Optimizing antimicrobial therapy based on mNGS and culture results

This study examined the optimization of antimicrobial therapy for sepsis by utilizing both mNGS and culture results. In contrast to the clinical manifestations, inflammatory markers, routine culture findings, and therapeutic outcomes of sepsis, the positive mNGS results in 235 cases demonstrated a favorable influence on clinical management. These findings contribute to the elucidation of pathogenic diagnosis and can be regarded as a well-matched clinical diagnostic group. Conversely, the mNGS results of 73 cases did not exert any discernible impact on clinical treatment. Out of these, 36 cases were positive for mNGS but deemed to be mismatched with the clinical diagnosis group, while 37 cases were negative for mNGS. In the CAS group, there were 126 cases where antimicrobial therapy was optimized based on mNGS and traditional culture results. Among these cases, 41 cases had down-regulated antibiotics, two cases switched to antiviral treatment, and 14 cases switched to anti-tuberculosis therapy.

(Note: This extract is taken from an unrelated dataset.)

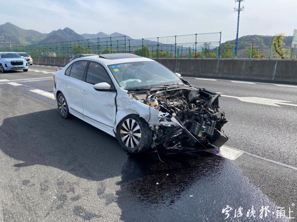 高速公路公共視頻顯示,事發(fā)前,有幾輛小車在寧波方向橫溪互通附近同向行駛,車速都不快,但距離都跟得很近,最后一輛黑色雷克薩斯操作不慎,與前一輛面包車發(fā)生了追尾,兩車均停在第一車道。

Additionally, within the cohort of patients in the HAS group, a total of 48 mNGS positive patients underwent optimization of their anti-infection regimens, with 17 cases having antibiotic treatment down-regulated. Nevertheless, in the mismatch clinical diagnosis group, there were six cases where the antibiotic regimen was optimized using traditional culture results, of which one case was down-regulated in the CAS and HAS groups, respectively (Table 3).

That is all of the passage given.